▶ _TASK TO CARRY OUT_: The lines to extract begin at the line that contains "A közönség esernyők" and run through the last line of the listing; reproduce them exactly, minus any pictures.

▶ _MATERIAL PROVIDED_:
--------------------

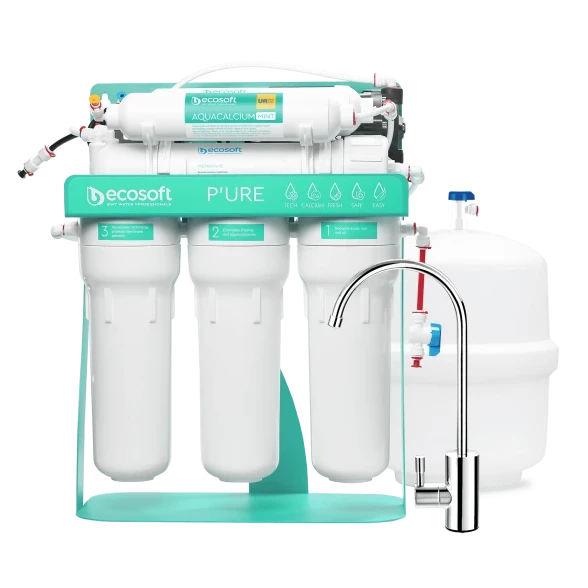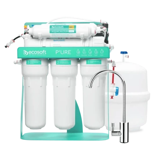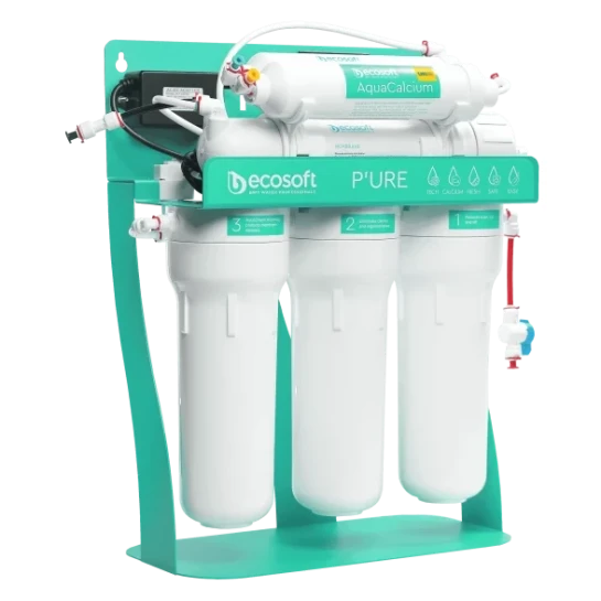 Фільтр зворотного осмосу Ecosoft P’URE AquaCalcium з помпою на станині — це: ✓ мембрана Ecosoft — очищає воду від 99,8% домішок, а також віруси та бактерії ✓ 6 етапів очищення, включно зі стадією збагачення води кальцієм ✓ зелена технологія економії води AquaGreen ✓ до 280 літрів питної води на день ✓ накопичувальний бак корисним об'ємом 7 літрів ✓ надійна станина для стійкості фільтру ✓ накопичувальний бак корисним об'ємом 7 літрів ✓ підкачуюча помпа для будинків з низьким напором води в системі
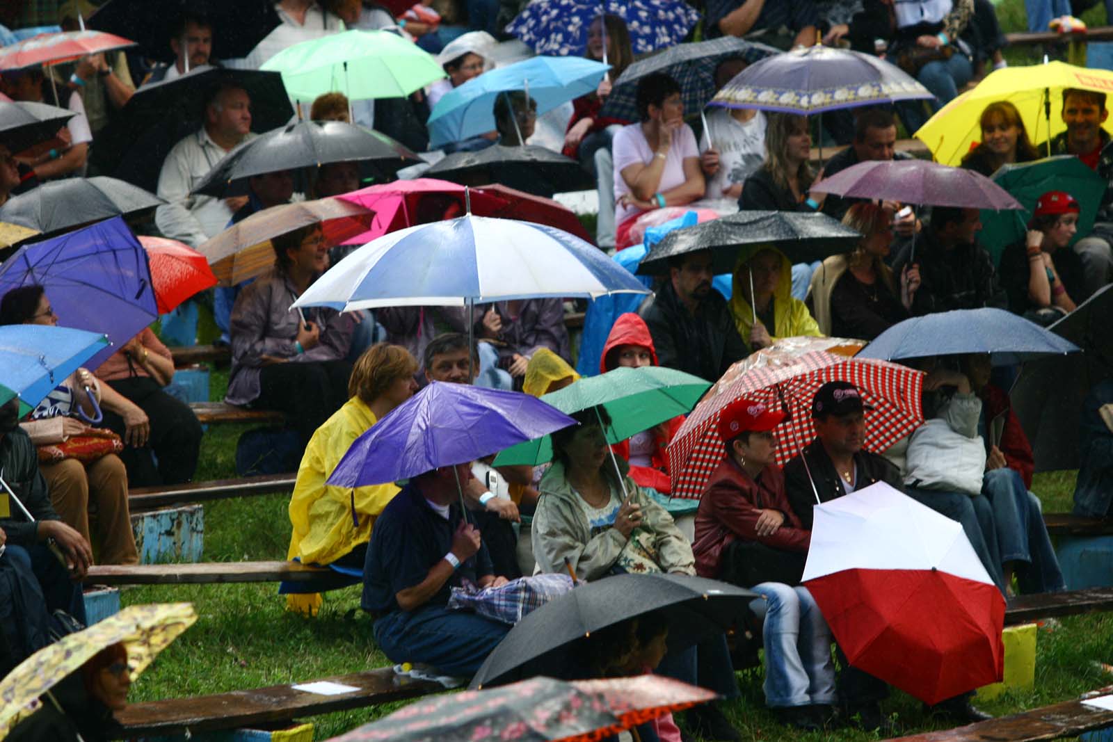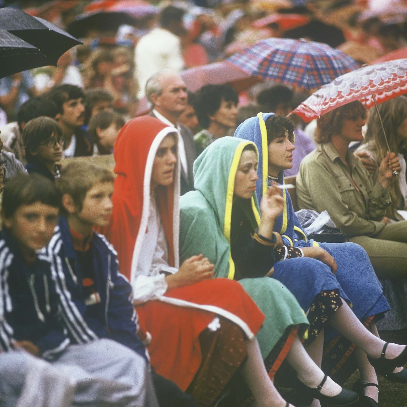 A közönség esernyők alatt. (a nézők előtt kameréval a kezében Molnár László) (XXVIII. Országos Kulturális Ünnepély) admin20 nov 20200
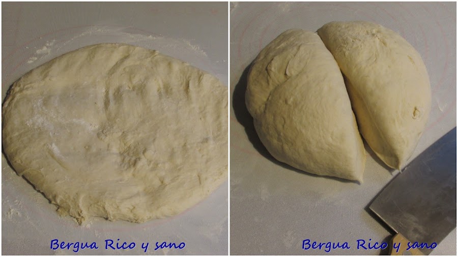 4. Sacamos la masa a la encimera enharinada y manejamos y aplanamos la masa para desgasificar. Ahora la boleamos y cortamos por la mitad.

--------------------

▶ _PROBLEM SOLUTION_:
 A közönség esernyők alatt. (a nézők előtt kameréval a kezében Molnár László) (XXVIII. Országos Kulturális Ünnepély) admin20 nov 20200
 4. Sacamos la masa a la encimera enharinada y manejamos y aplanamos la masa para desgasificar. Ahora la boleamos y cortamos por la mitad.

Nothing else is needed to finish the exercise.